One of the reasons psychoanalysts (and others) see early experiences as highly impactful is that babies have very limited resources to cope with any difficult experiences they may have. If we as adults are anxious, we can think about our situation and assess how likely the negative outcome really is. We can talk to other people and see whether they think our anxiety is justified. We can also think about our past experiences, maybe remembering a time when our anxieties turned out to be unjustified or when the bad event did occur, but we nonetheless got by. Babies lack any of these resources, and it would seem plausible to suggest that if they experience anxiety or other negative emotions, they are likely to find these experiences harder to cope with. Unless we think these negative experiences are forgotten as the baby gets older or they are somehow not registered as experiences until the baby reaches a certain age, it seems to me plausible to claim that some of these early experiences may be traumatic and impact how the baby develops.

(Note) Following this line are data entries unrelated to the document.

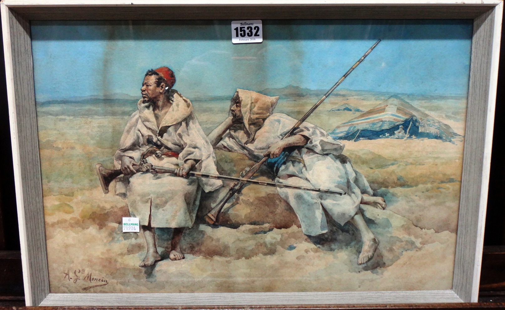 Antonio Garcia Mencia ( 1853 - 1915 ) was a painter. Antonio Garcia Mencia s works have been put up for auction numerous times, with realized prices varying from 88.26 USD for Boîte ficelée in 2014 to 138.69 USD for Moorish soldiers in 2016 , based on the size and medium of the artwork.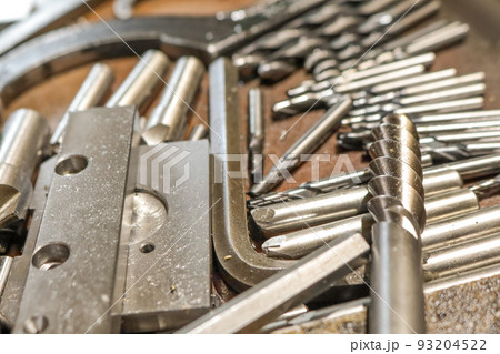 町工場の工具(ジグ、敷板、六角レンチ、エンドミル)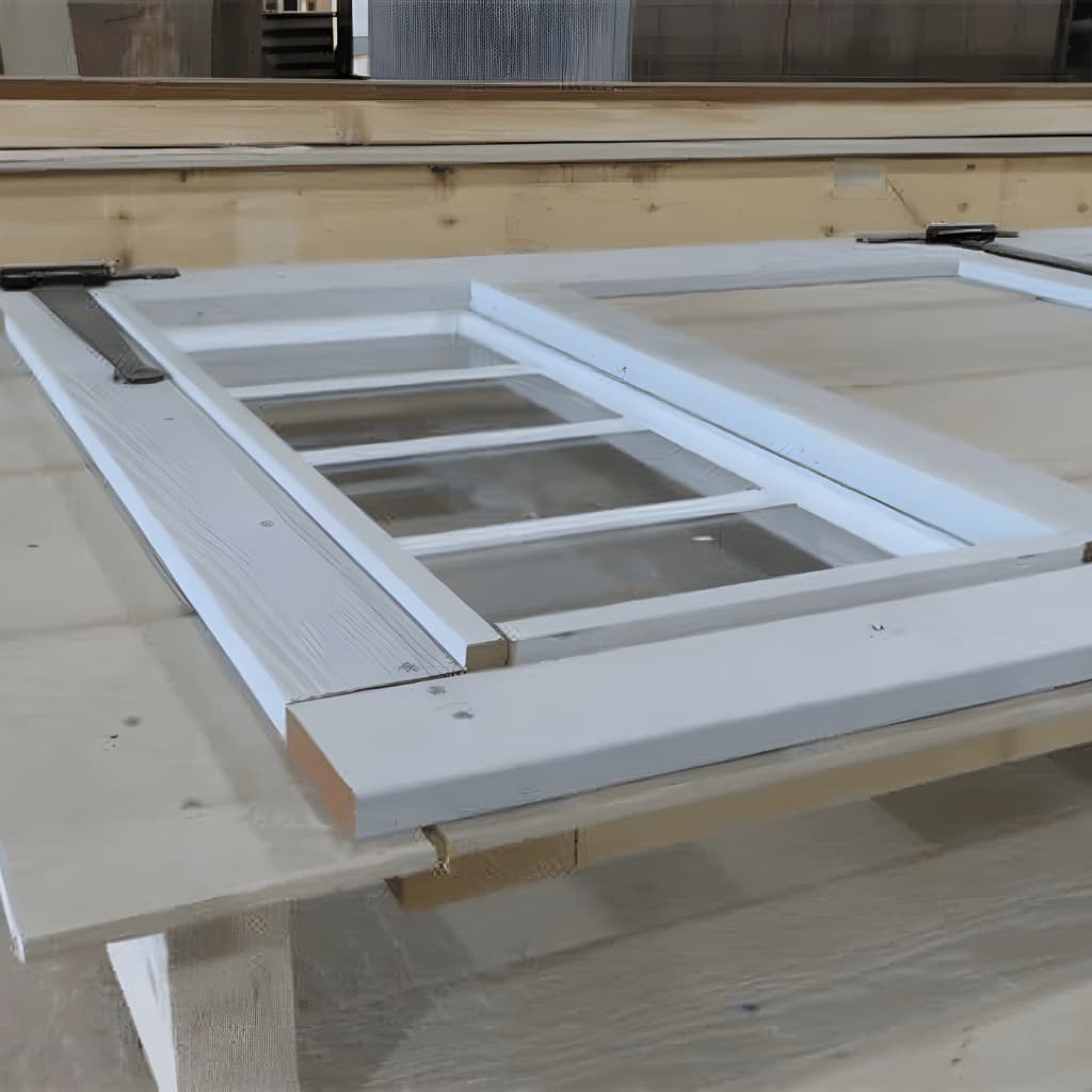- Rafters, roof sheathing, pre-hung doors, trim, door hardware, fasteners

So far, perhaps, so commonsensical. But why does Winnicott ruin everything by claiming that the baby believes (and must be allowed to believe) that it created the breast? If he had simply said that parenting that constantly reminds the baby of its dependency will impact the baby’s development, who would have disagreed with him? Isn’t the problem that he takes an easy-to-understand claim and turns it into an elaborate story about complex experiences the baby is supposed to have? I think his richer story has two advantages. Firstly, it underlines the subtle aspects of the emotional interaction between mother and child. It is not just a matter of the mother being a good provider of food and warmth etc. It’s about her sensitivity to the baby and her ability to tolerate its unjustified and in a sense excessive demands. His formulation gives a sense of the difficulty of the mother’s task. It is not easy for a hard-pressed mother to allow her baby to believe that it created the breast that she is offering it! Secondly, compared with more bland formulations, Winnicott’s formulation provides lots of interesting avenues to explore in terms of the potential impact on the baby. His story highlights the difficulty we face in building a positive relationship to the world, given the fact that the world has absolutely no need for us whatsoever. It also highlights the doubts we may have about our own resources and about our own creativity. These points only give a crude sense of how Winnicott uses his story to try to understand what the early experiences of his child and adult patients were and where these experiences have taken them, but it is the rich, poetic nature of his formulation that gives him the resources to try to understand the specific individual he is trying to connect with. The baby does not have the conscious (positive) thought: “I created the breast” or the (negative) thought: “I am dependent on a breast outside my control”, but these formulations are attempts to cast light on how and why the baby’s early experiences affected it in the way they did. They are attempts to make sense of what happened to the baby.